» **RECORDED INFORMATION**
====

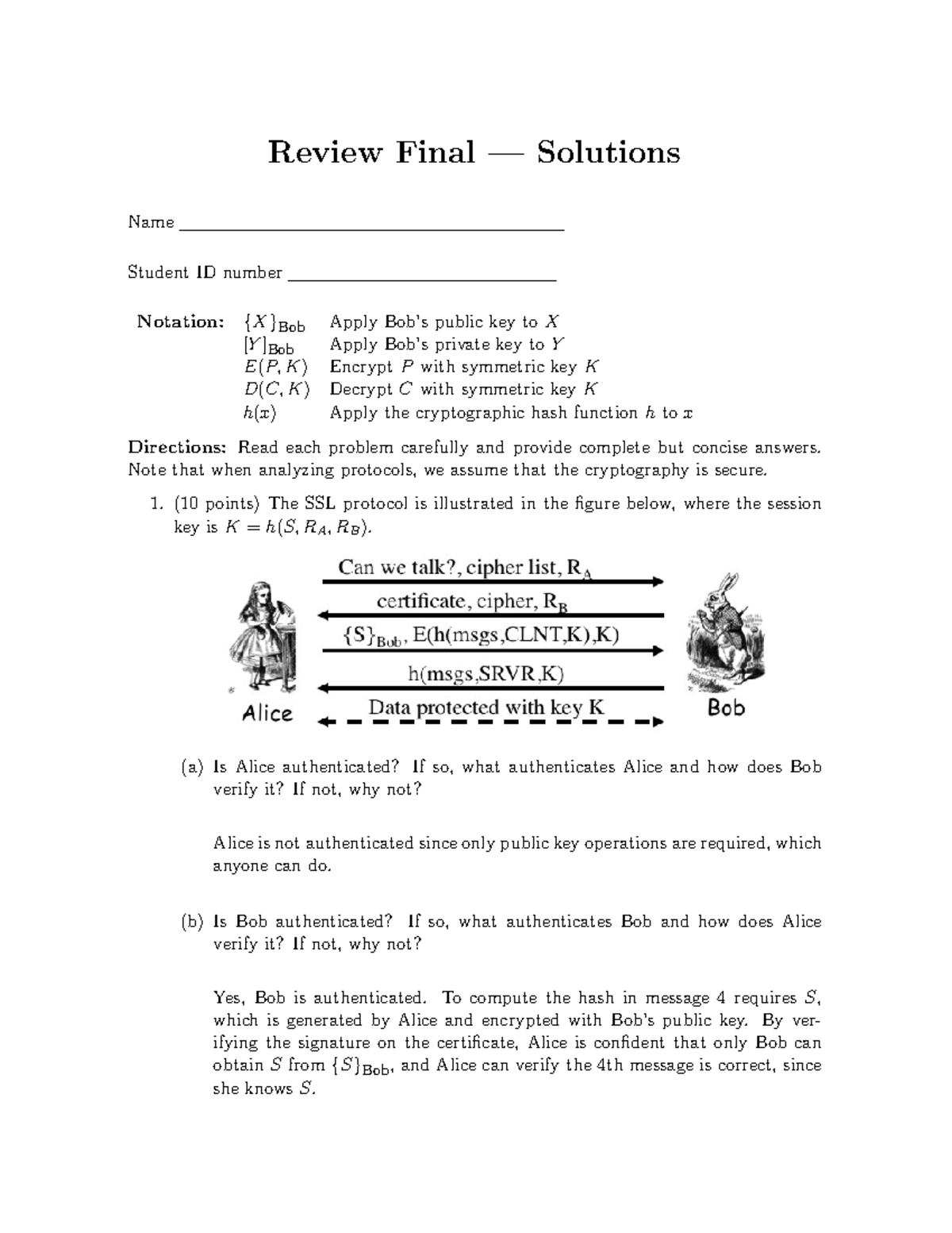 CS101 Final Review: Cryptography and Security Protocols - Studocu
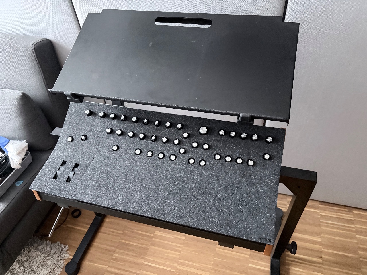 Verkaufe einen Moog Synthesizer 37 in einem nahezu unbenutzten und daher neuwertigen Zustand. OVP, Benutzerhandbuch und Poster sind dabei. Zusätzlich gibt es einen passenden Decksaver aus Filz. Der Ständer steht ebenfalls extra zum Verkauf.
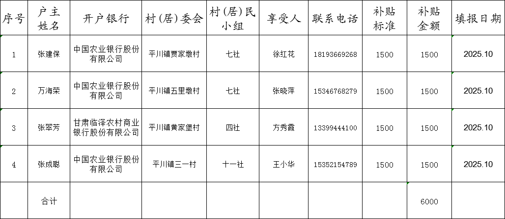 平川镇2025年10月县城安置点易地扶贫搬迁户就业人员岗位补贴发放表

====

» **EXERCISE DIRECTIONS**
Repeat nothing but the lines from the one containing "Verkaufe einen Moog" through the last line of the listing, both included, exactly as written, and omit any picture.

» **RESPONSE TO THE TASK**
 Verkaufe einen Moog Synthesizer 37 in einem nahezu unbenutzten und daher neuwertigen Zustand. OVP, Benutzerhandbuch und Poster sind dabei. Zusätzlich gibt es einen passenden Decksaver aus Filz. Der Ständer steht ebenfalls extra zum Verkauf.
 平川镇2025年10月县城安置点易地扶贫搬迁户就业人员岗位补贴发放表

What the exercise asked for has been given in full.